Matrix or data.table: set of values of variates of which we want the joint probability of. One variate per column, one set of values per row.

X

Matrix or data.table or NULL (default): set of values of variates on which we want to condition the joint probability of Y. If NULL, no conditioning is made (except for conditioning on the learning dataset and prior assumptions). One variate per column, one set of values per row.

learnt

Either a character with the name of a directory or full path for a 'learnt.rds' object, produced by the learn() function, or such an object itself.

tails

Named vector or list, or NULL (default). The names must match some or all of the variates in arguments Y and X. For variates in this list, the probability arguments are understood in an semi-open interval sense: Y ≤ y or Y ≥ y, an so on. This is true for variates on the left and on the right of the conditional sign \|. A left-open interval Y ≤ y is indicated by the values '<=' or 'left' or -1; a right-open interval Y ≥ y is indicated by the values '>=' or 'right' or +1. Values NULL, '==', 0 indicate that a point value Y = y (not an interval) should be calculated.
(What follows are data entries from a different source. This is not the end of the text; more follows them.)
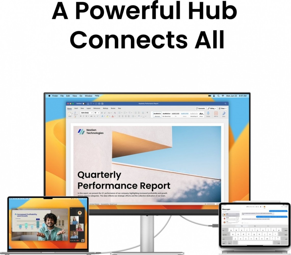 31,5-calowy monitor 4K UHD do MacBooka Pro i MacBooka Air Rozszerz widok swojego MacBooka dzięki spójnym kolorom Maca za pomocą jednego kabla Bezproblemowa synchronizacja jasności i głośności między MacBookiem a monitorem Posiada 2 porty USB-C o mocy 90 W i 15 W do ładowania urządzeń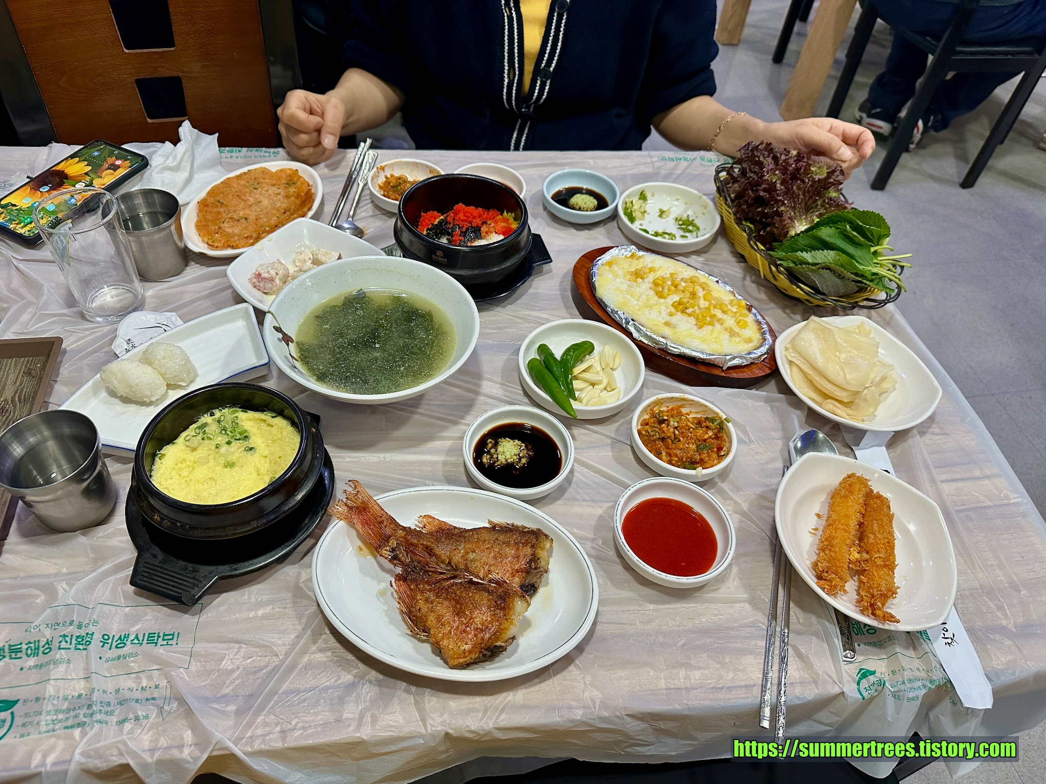 회의 양이 적은 대신 다양한 먹을거리가 나오는데 다 맛이 있다. 우리는 6만원짜리를 시켜서 안나왔는데 7만원 이상일 경우 물회도 나온다고 한다.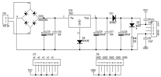 电源模块为系统板上其它模块提供+5V电源,电源输入有两种方式,一种为交直流电源从电源插座输入,输入的电压要求,直流输入应大于7.5V,交流输入应大于5V,通过7805三端稳压器得到5V的直流电源供给系统其它模块工作,另一种为从USB接口获取+5V电源,只要用相应配套的USB线从电脑主机获取+5V直流电源,在电源模块中加有保护电路,即电路中有短路,不会对7805三端稳压器及电脑主机电源有损害!其电路原理图如图1.4所示:
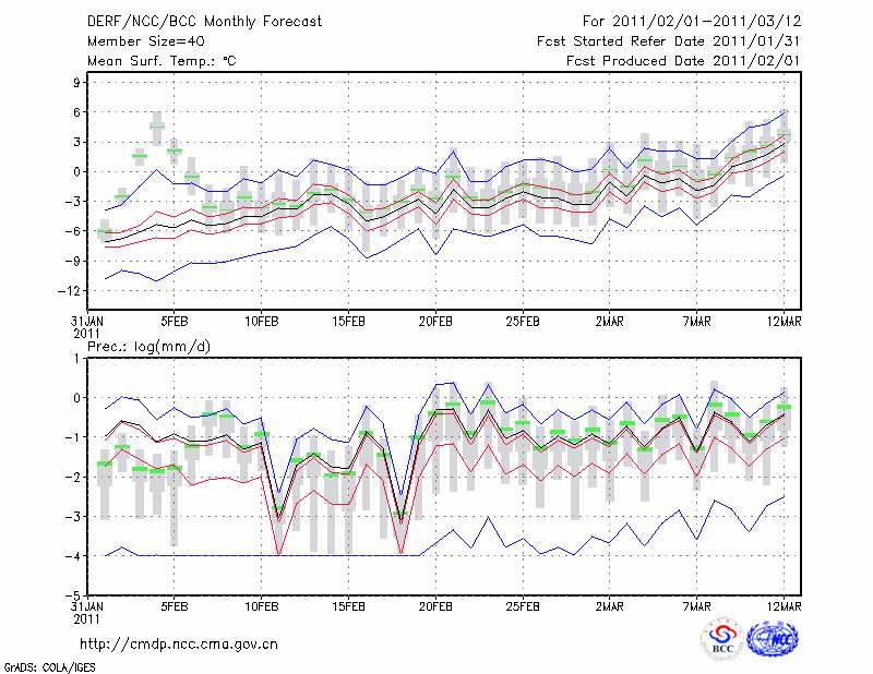 西 宁 (LAT:36.62 LON:101.77) 2011-02-01        预测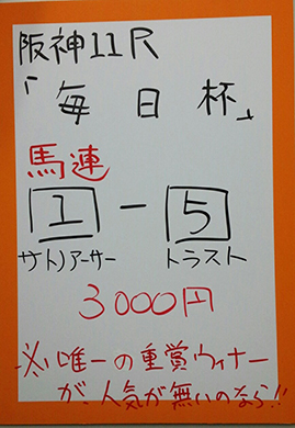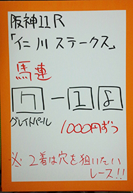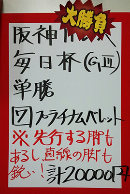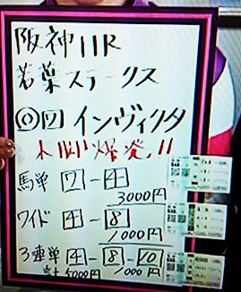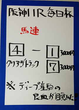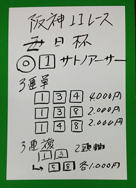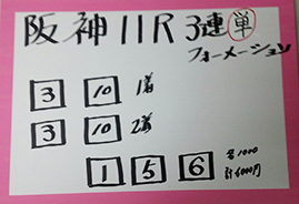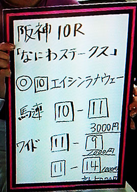 さっそく馬券対決です。まずは阪神10Rの結果です。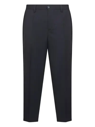 blue belt loops elasticated back waistband side pockets back buttoned welt pockets pressed leg creases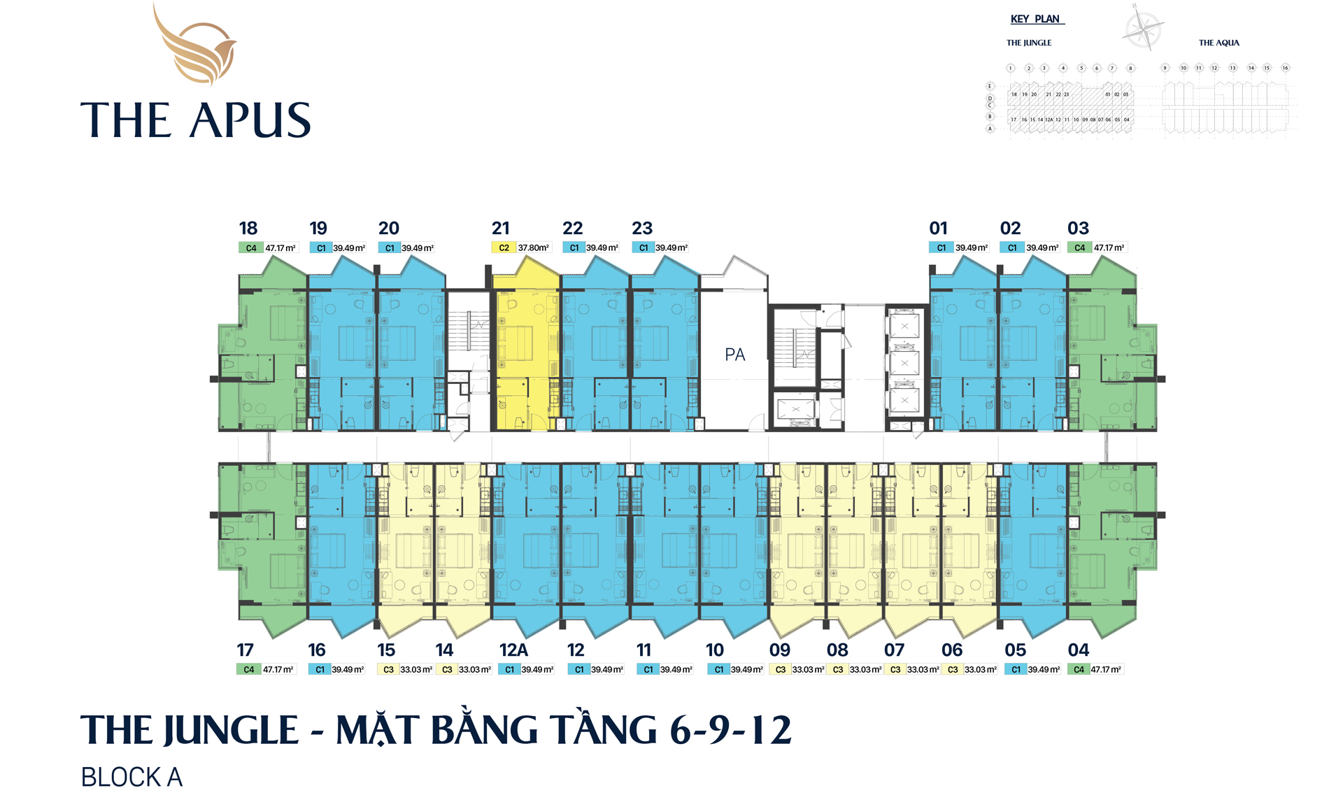 Mỗi tầng căn hộ của Tháp Jungle có 24 căn hộ diện tích tương đối nhỏ (33 – 47 m²) phù hợp với loại hình căn hộ du lịch, vui chơi, nghỉ dưỡng. Dù diện tích tương đối nhỏ nhưng về tổng thể các căn hộ The Apus Phước Hải có thiết kế thoáng, tối ưu hóa không gian để đón nhận nắng – gió từ đại dương bao la.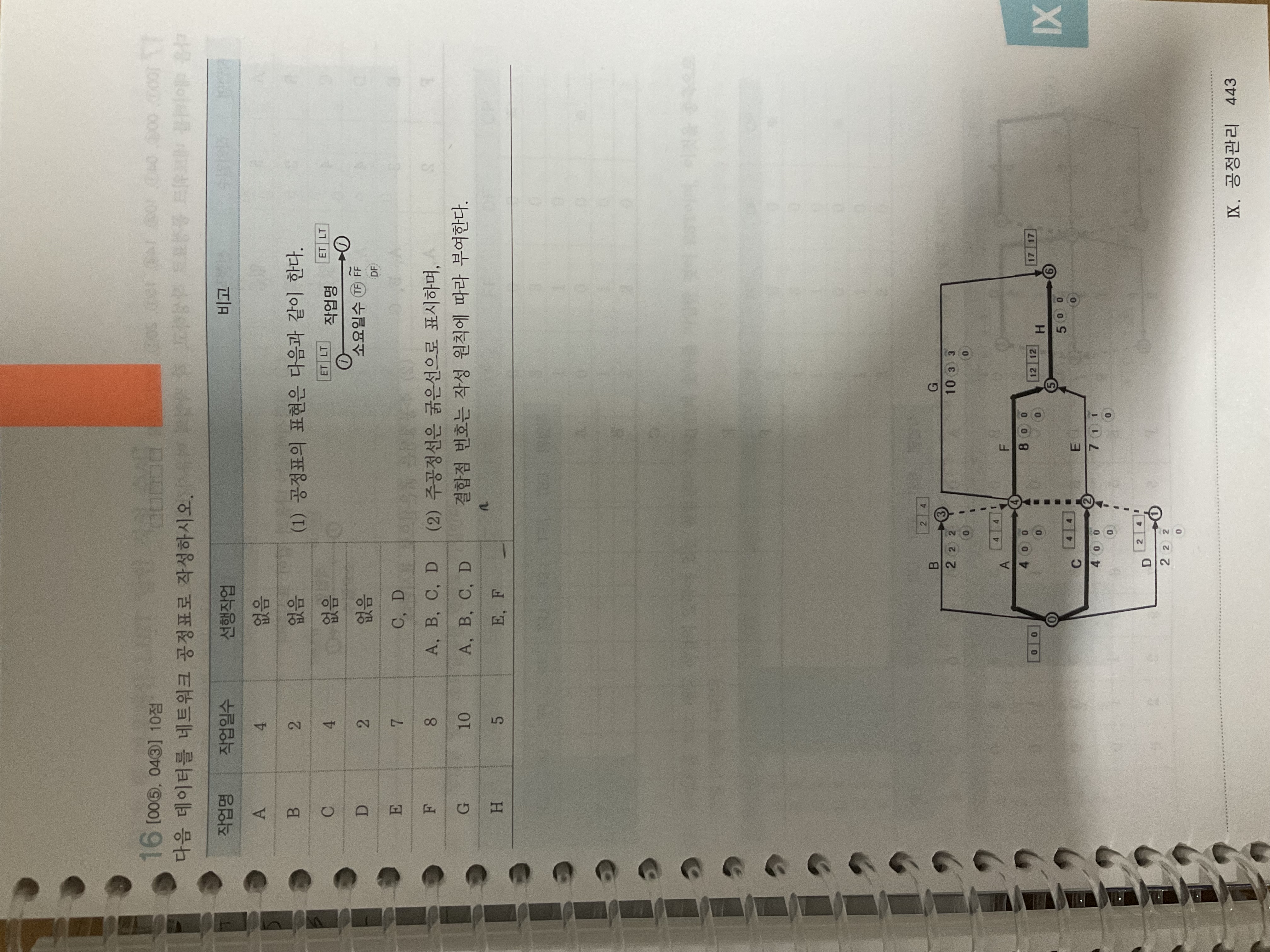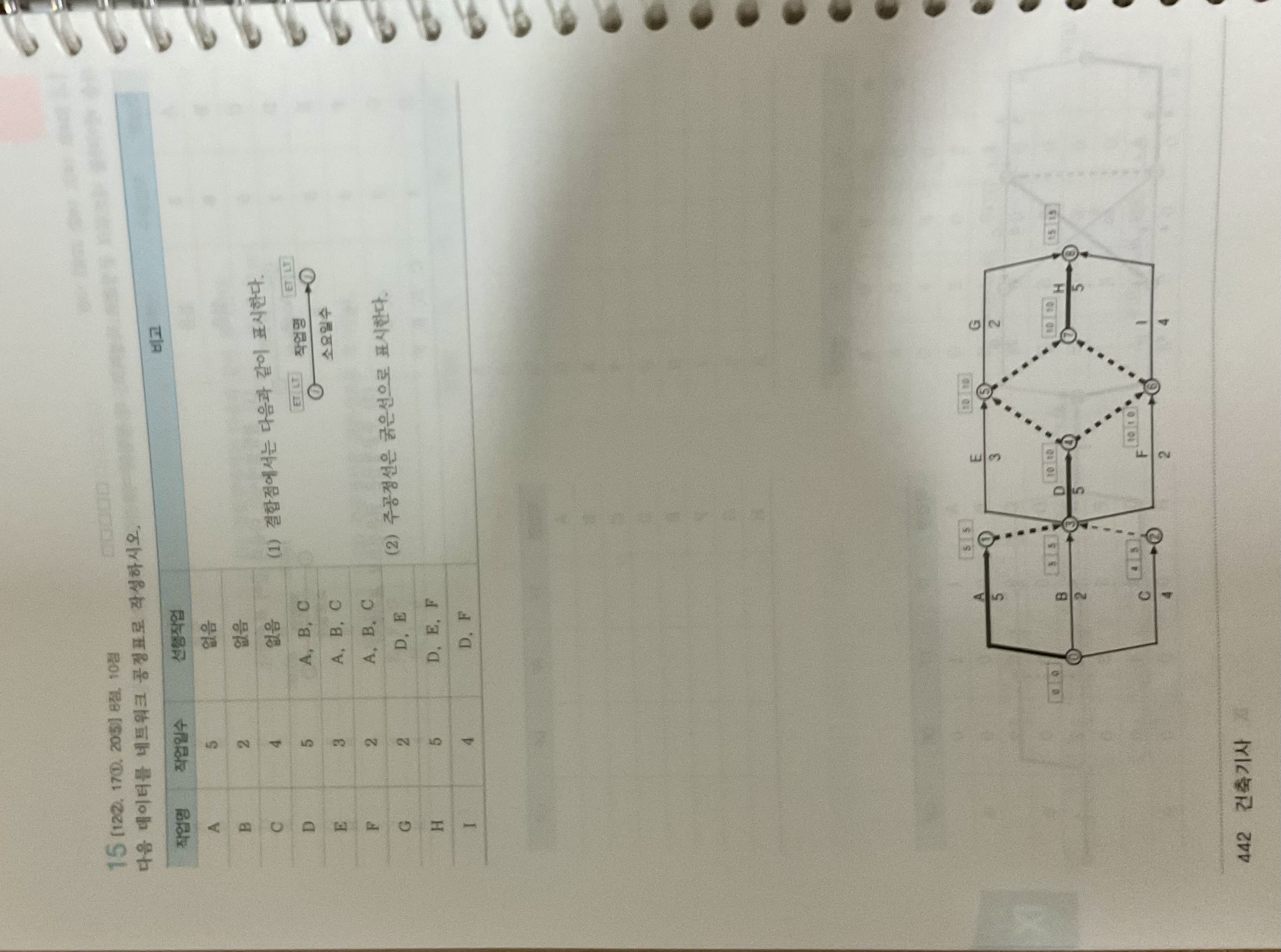 공정표 문제에서 에이랑 비의 위치가 두 문제가 다른데 이러면 세모 네모 값이 다릅니다 어떨 때는 에이가 위 어떨 때는 아니고 작업일수 크기랑도 상관이 없고.. 전 에이를 위로 그렸는데 그러면 3번이 44가 됩니다 어느 경우에 이렇게 푸는지 알고 싶습니다

NB: the semi-open intervals always include the given value; this is important for ordinal or rounded variates. For instance, if Y is an integer variate, then to calculate P(Y < 3) you should require P(Y <= 2); for this reason we also have that P(Y <= 2) and P(Y >= 2) generally add up to more than 1.

priorY

Numeric vector with the same length as the rows of Y, or TRUE, or NULL (default): prior probabilities or base rates for the Y values. If TRUE, the prior probabilities are assumed to be all equal.

nsamples

Integer or NULL or 'all' (default): desired number of samples of the variability of the probability for Y. If NULL, no samples are reported. If 'all' (or Inf), all samples obtained by the learn() function are used.

quantiles

Numeric vector, between 0 and 1, or NULL: desired quantiles of the variability of the probability for Y. Default c(0.055, 0.25, 0.75, 0.945), that is, the 5.5%, 25%, 75%, 94.5% quantiles (these are typical quantile values in the Bayesian literature: they give 50% and 89% credibility intervals, which correspond to 1 shannons and 0.5 shannons of uncertainty). If NULL, no quantiles are calculated.

parallel

Logical or NULL (default) or positive integer: TRUE: use roughly half of available cores; FALSE: use serial computation; NULL: don't do anything (use pre-registered condition); integer: use this many cores.

silent

Logical, default FALSE: give warnings or updates in the computation?

usememory

Logical, default TRUE: save partial results to disc, to avoid crashes?

keepYX

Logical, default TRUE: keep a copy of the Y and X arguments in the output? This is used for the plot method.

Value

A list of class probability, consisting of the elements values, quantiles (possibly NULL), samples (possibly NULL), values.MCaccuracy, quantiles.MCaccuracy (possibly NULL), Y, X. Element values: a matrix with the probabilities P(Y|X,data,assumptions), for all combinations of values of Y (rows) and X (columns). Element quantiles: an array with the variability quantiles (3rd dimension of the array) for such probabilities. Element samples: an array with the variability samples (3rd dimension of the array) for such probabilities. Elements values.MCaccuracy and quantiles.MCaccuracy: arrays with the numerical accuracies (roughly speaking a standard deviation) of the Monte Carlo calculations for the values and quantiles elements. Elements Y, X: copies of the Y and X arguments.